*** Data listing ***

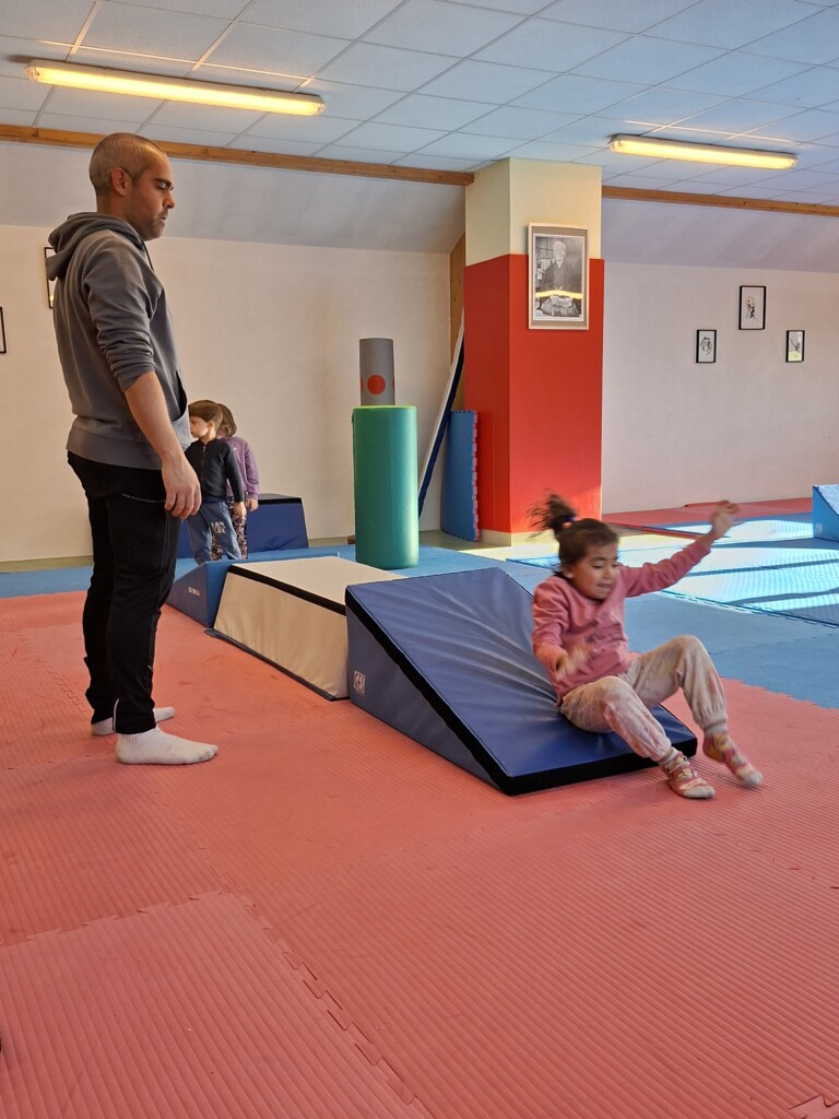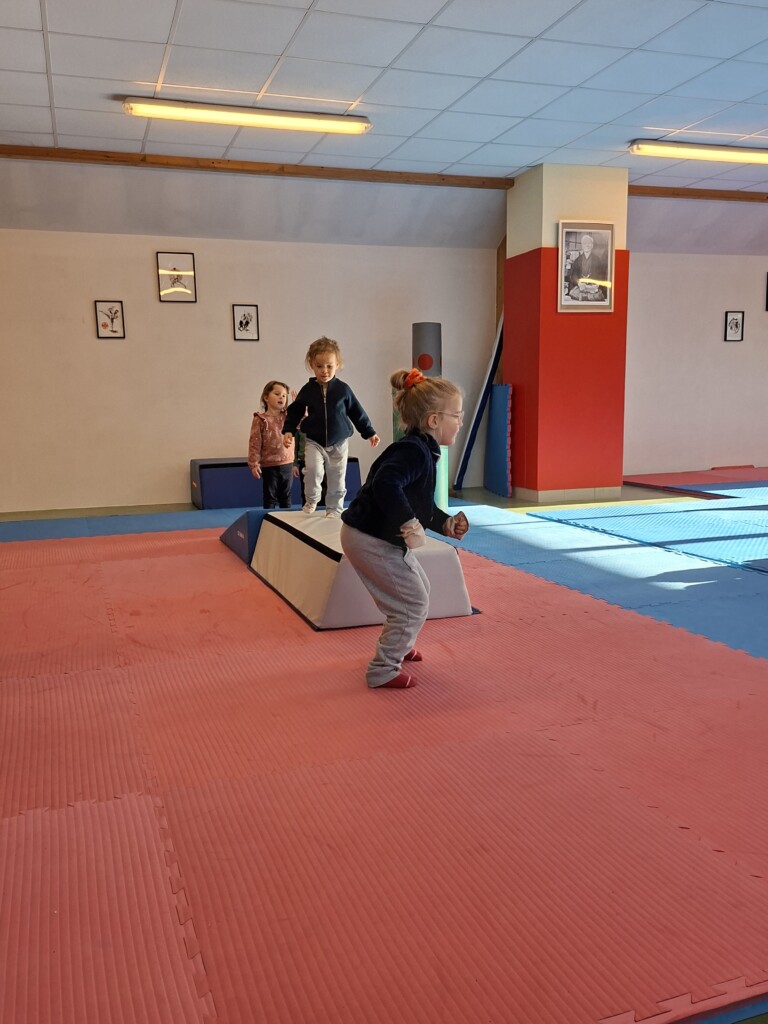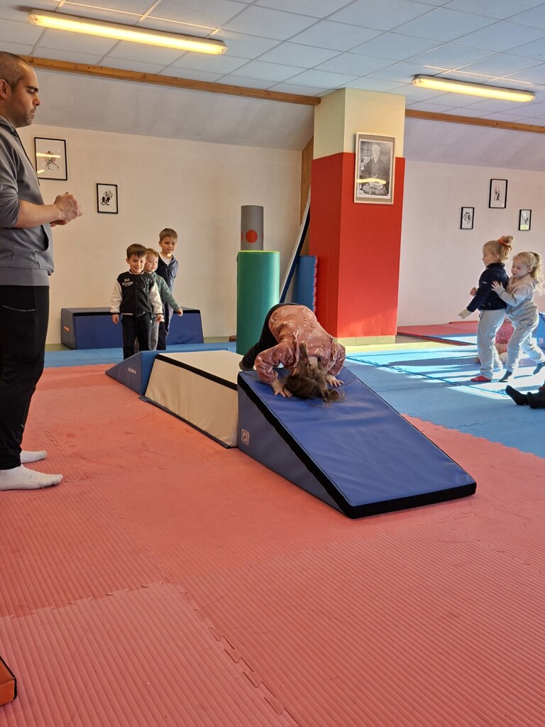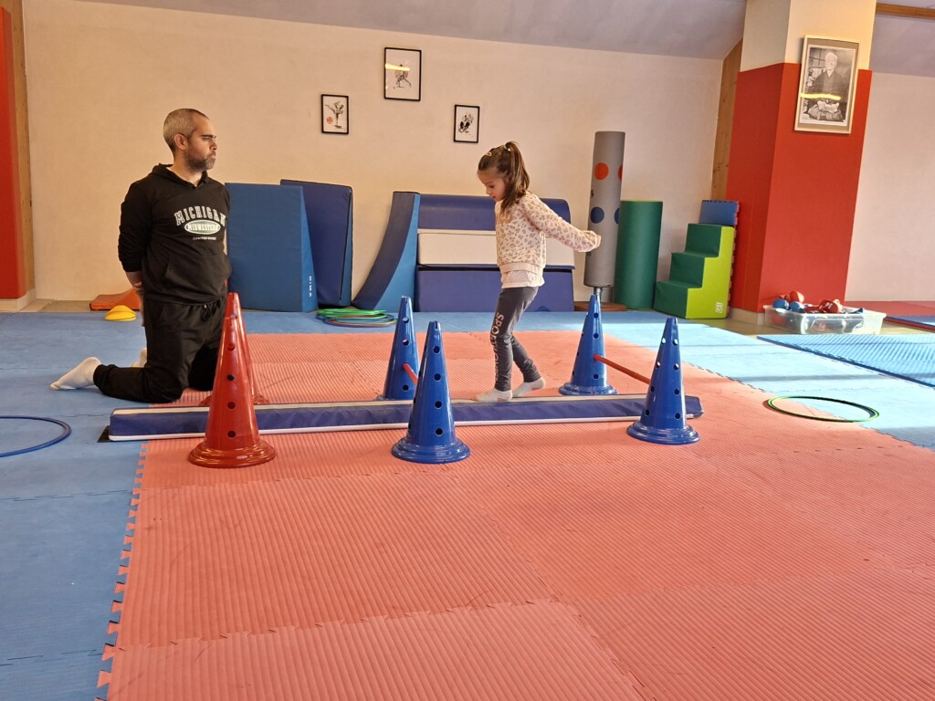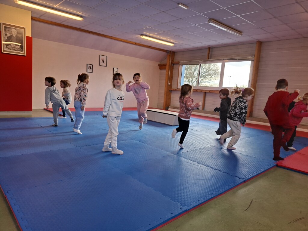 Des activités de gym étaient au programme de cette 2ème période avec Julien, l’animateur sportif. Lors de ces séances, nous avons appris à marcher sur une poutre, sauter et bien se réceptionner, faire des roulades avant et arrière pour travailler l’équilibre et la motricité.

*** End of Data listing ***
*** Data listing ***

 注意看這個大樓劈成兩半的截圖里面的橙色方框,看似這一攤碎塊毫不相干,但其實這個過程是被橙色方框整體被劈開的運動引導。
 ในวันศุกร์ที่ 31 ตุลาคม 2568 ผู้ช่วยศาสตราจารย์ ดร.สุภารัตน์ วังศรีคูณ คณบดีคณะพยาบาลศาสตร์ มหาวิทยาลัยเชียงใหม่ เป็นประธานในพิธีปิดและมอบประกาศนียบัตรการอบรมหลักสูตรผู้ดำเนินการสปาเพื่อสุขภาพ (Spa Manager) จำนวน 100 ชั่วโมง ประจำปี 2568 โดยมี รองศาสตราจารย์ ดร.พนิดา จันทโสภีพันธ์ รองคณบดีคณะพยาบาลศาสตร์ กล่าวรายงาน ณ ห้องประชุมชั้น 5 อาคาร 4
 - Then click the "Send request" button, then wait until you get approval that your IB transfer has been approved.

*** End of Data listing ***

Task prompt:
From the records above, reproduce exactly the lines from the one with "注意看這個大樓劈成兩半的截圖" to the one with "- Then click", both included, and no others.

Final answer:
 注意看這個大樓劈成兩半的截圖里面的橙色方框,看似這一攤碎塊毫不相干,但其實這個過程是被橙色方框整體被劈開的運動引導。
 ในวันศุกร์ที่ 31 ตุลาคม 2568 ผู้ช่วยศาสตราจารย์ ดร.สุภารัตน์ วังศรีคูณ คณบดีคณะพยาบาลศาสตร์ มหาวิทยาลัยเชียงใหม่ เป็นประธานในพิธีปิดและมอบประกาศนียบัตรการอบรมหลักสูตรผู้ดำเนินการสปาเพื่อสุขภาพ (Spa Manager) จำนวน 100 ชั่วโมง ประจำปี 2568 โดยมี รองศาสตราจารย์ ดร.พนิดา จันทโสภีพันธ์ รองคณบดีคณะพยาบาลศาสตร์ กล่าวรายงาน ณ ห้องประชุมชั้น 5 อาคาร 4
 - Then click the "Send request" button, then wait until you get approval that your IB transfer has been approved.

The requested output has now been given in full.